Notifications can be managed in browser preferences.

To misquote Arctic Monkeys, top marks for not crying

Kelner's View

Simon Kelner
Wednesday 23 November 2011 11:26 GMT
Comments
Ed Balls has admitted
to shedding a tear over‘Antiques Roadshow'.
Ed Balls has admitted to shedding a tear over‘Antiques Roadshow'. (Rex)

From kissing babies, to allowing a photographer to record your most intimate moments, politicians the world over are desperate to present themselves as normal, ordinary people. And, most of the time, it has precisely the opposite effect.

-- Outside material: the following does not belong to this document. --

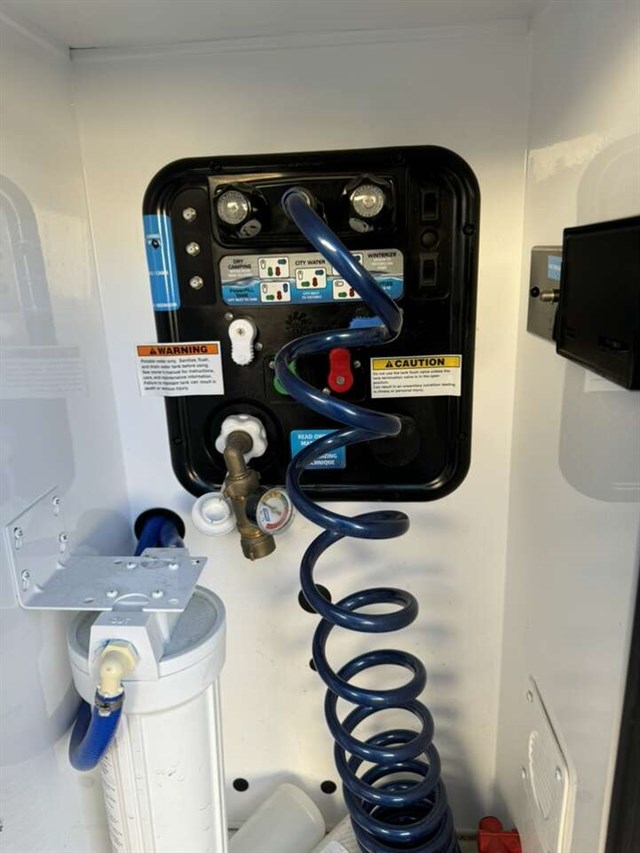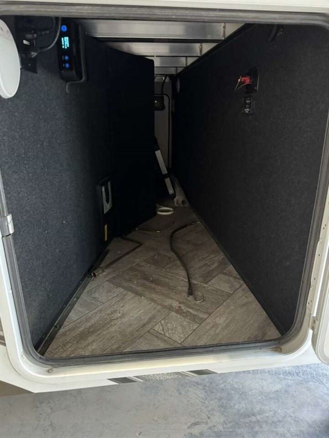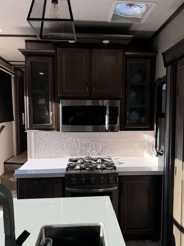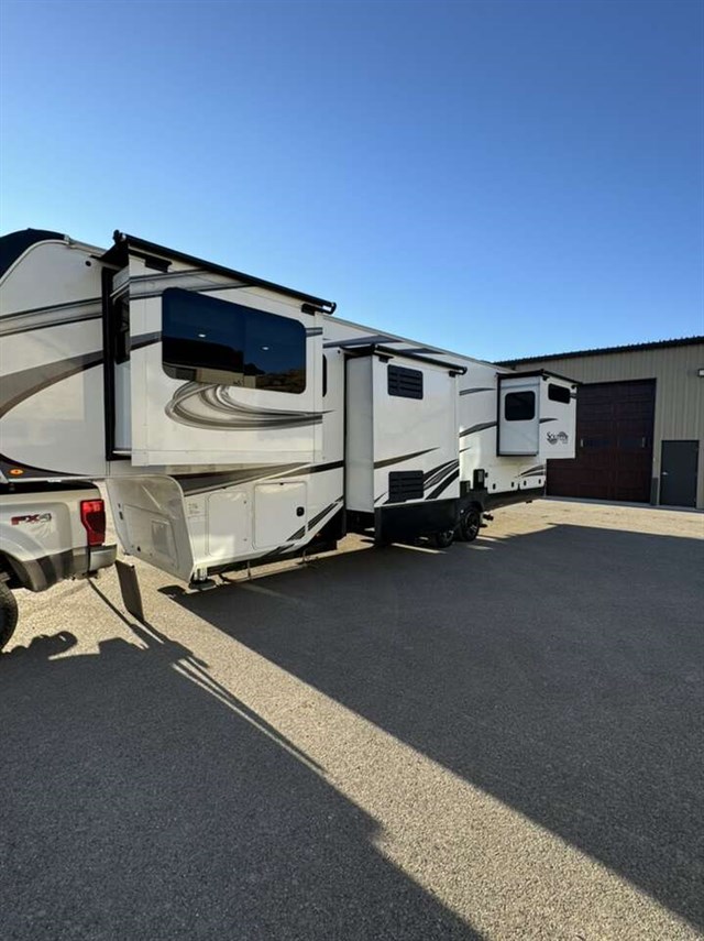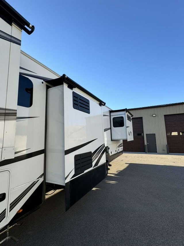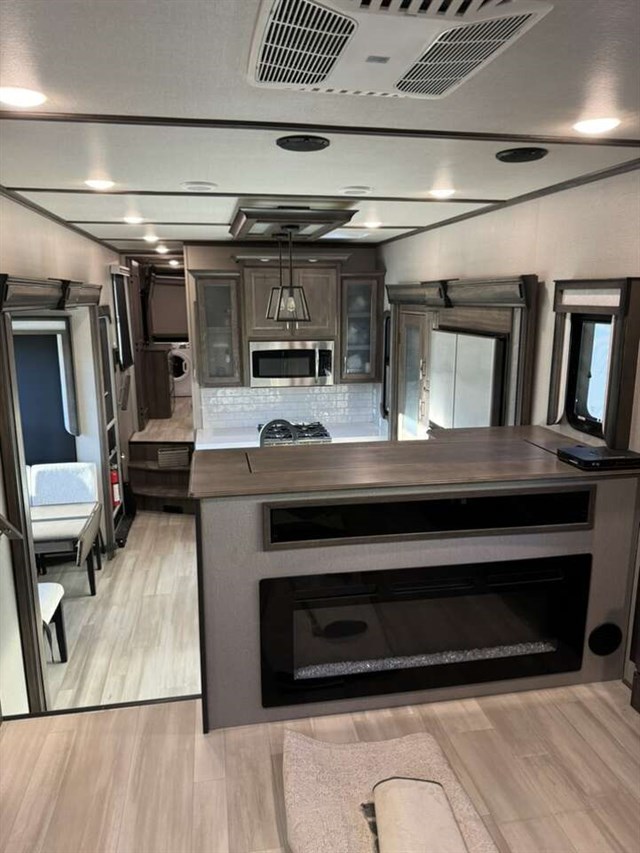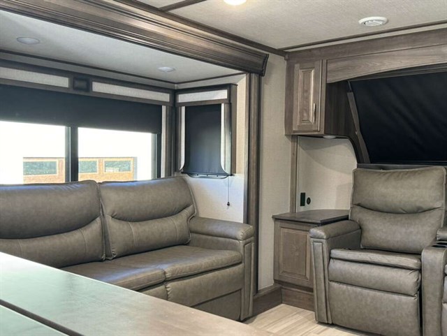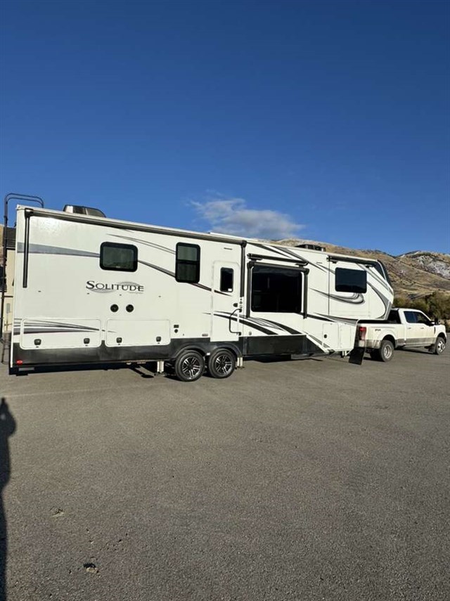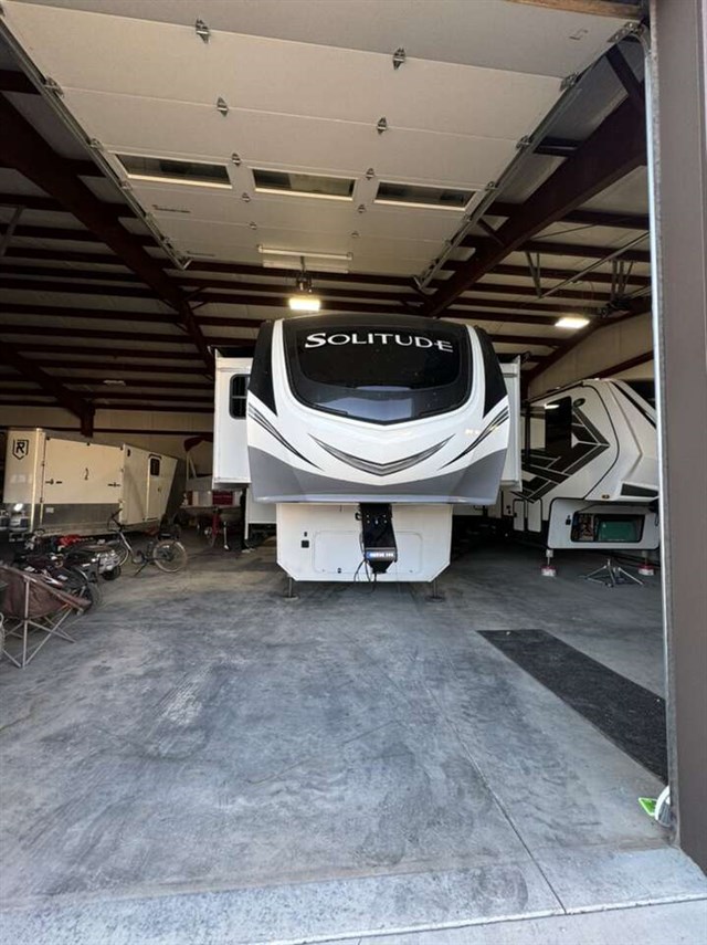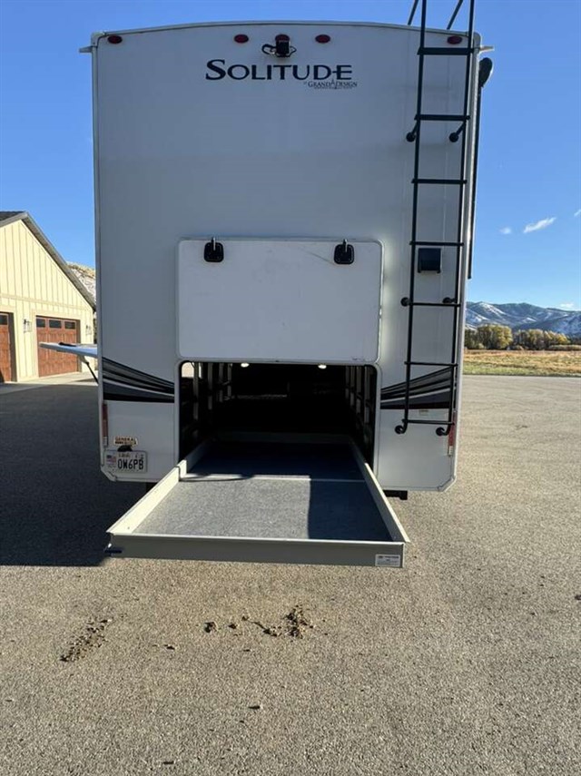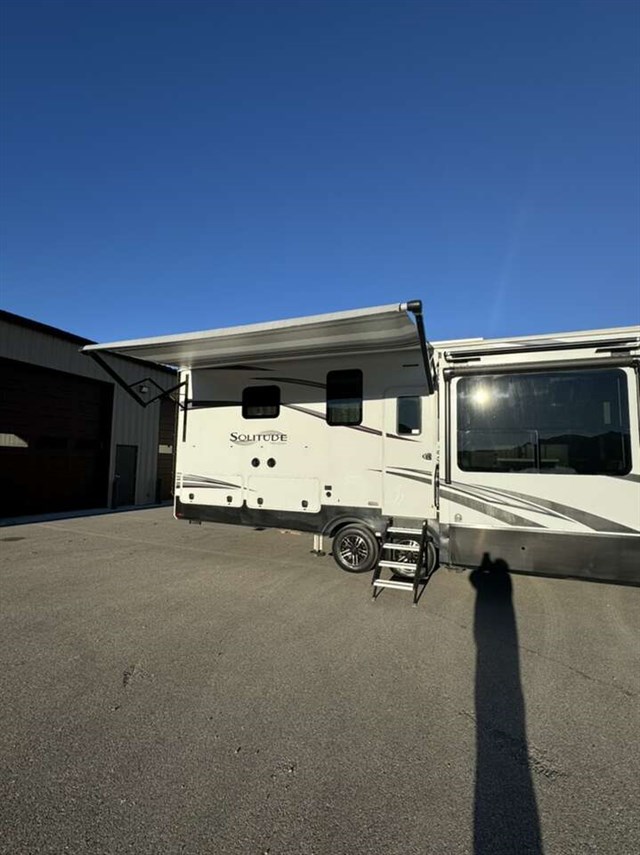 This fifth wheel offers a unique rear exterior storage bay with tray giving you extra space to carry larger items like outdoor camping equipment such as tables and chairs, golf clubs or even your seasonal items if you plan to live in this Solitude. Another popular feature is the separate living area up front giving you manual theater seats, dual opposing tri-fold sofa slides that offer sleeping space for family and friends, and an LED TV with a fireplace below to enjoy. The separate kitchen area is a another great place to gather at the free-standing table with four chairs or around the kitchen island. The cook will appreciate the flip-up countertop, and all the appliances plus the pull-out trash and the oversized pantry with shelves. At night you can retire to the master bedroom to your own queen bed within a slide out or choose the king option, and the pull-out ottoman will come in handy. You might like to add a washer/dryer option to the prepped closet space, and the wardrobe can keep your clothing wrinkle-free and there are drawers to store more items.
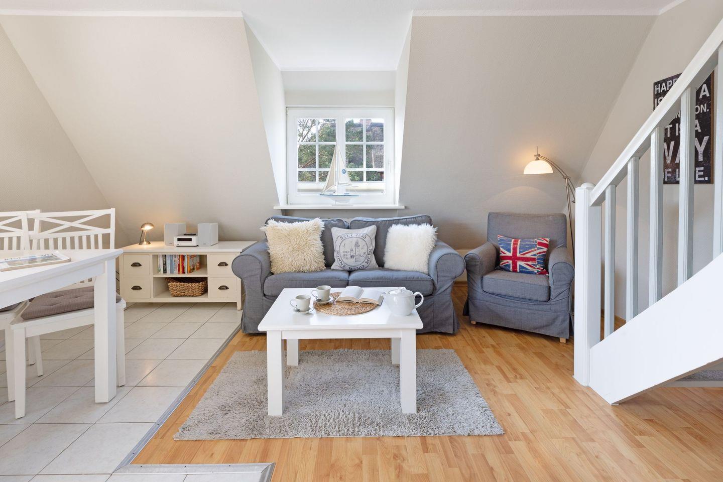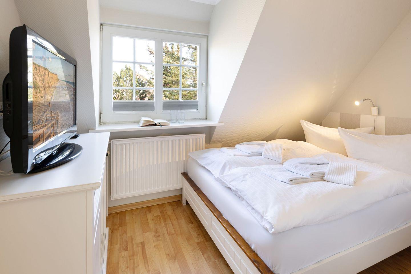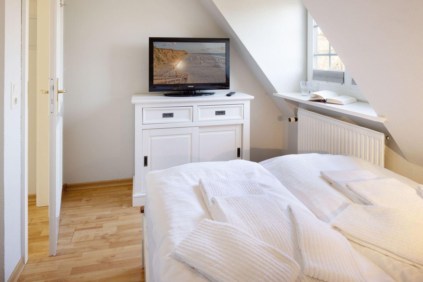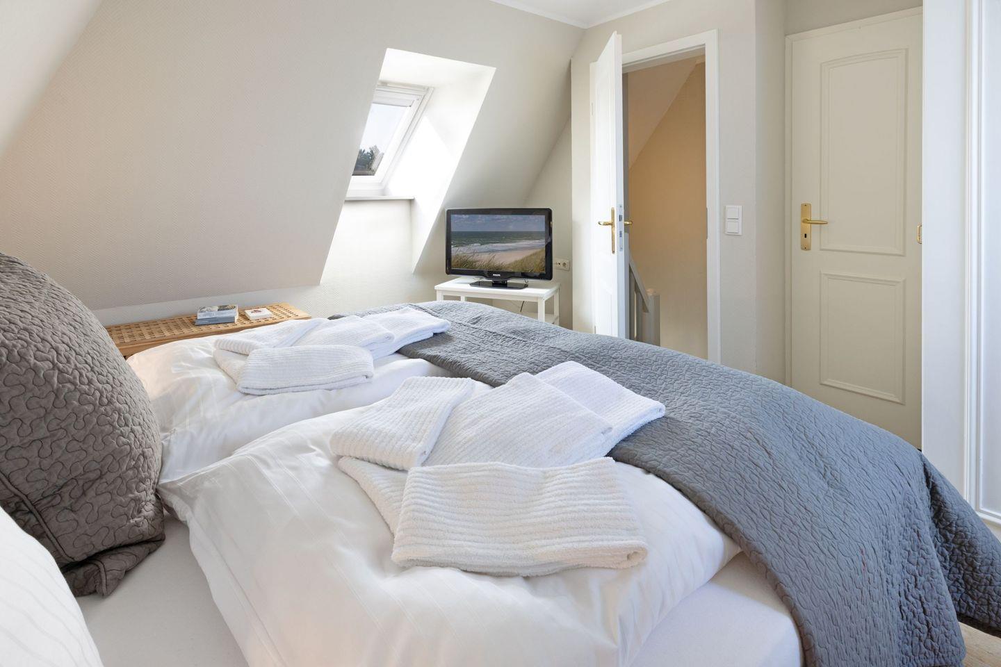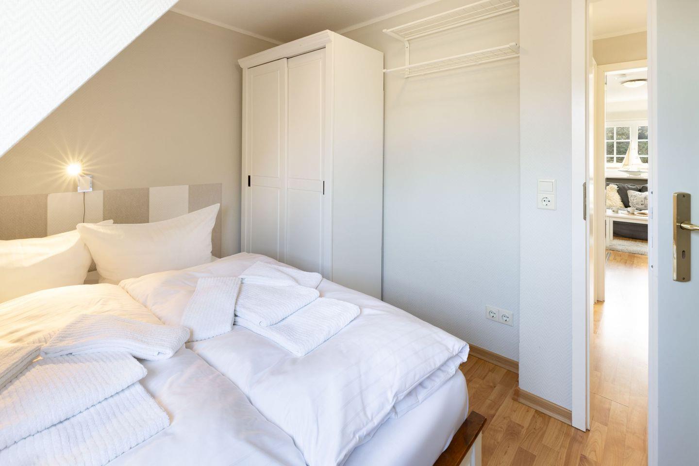 Das Appartement "Strand" (65 m²) für vier Personen liegt im Obergeschoss und bietet zwei Schlafräume im Dachgeschoss, jeweils mit Doppelbett.

Gordon Brown saying he listened to Arctic Monkeys while preparing his notes for the next Eco-fin meeting? Nick Clegg admitting he'd slept with "no more than 30 women"? David Cameron inviting the cameras into No 10 for a fly-on-the-wall photoshoot which, among other things, "revealed" him hard at work at the stove under the admiring gaze of his wife? Tony Blair saying he was "a regular kind of guy" who used to stand on the terraces at Newcastle United? Do we believe any of it? Not really. Can we detect a spot of spin when we see it? Of course we can.

The latest politician whose attempt to sculpt a man-of-the-people pose may be doomed to failure is the shadow chancellor, Ed Balls who, in an interview with Total Politics magazine, told how he is regularly moved to tears by Antiques Roadshow. Oh really? Are we meant to believe that this rough, tough political operator, who had a reputation (possibly unfairly) as Gordon Brown's Treasury rottweiler, sits there blubbing while an old lady with white hair finds out from Fiona Bruce that the collection of teaspoons she found in the attic is worth at least a thousand pounds? You can just picture the scene on Sunday evenings in the Balls household. "Come off it, Edward," says Yvette. "It's only a blinking porcelain spaniel!" "But you don't understand, my dear. This spaniel has been in that woman's family for generations and it's just been valued at two grand!" Cue more tears.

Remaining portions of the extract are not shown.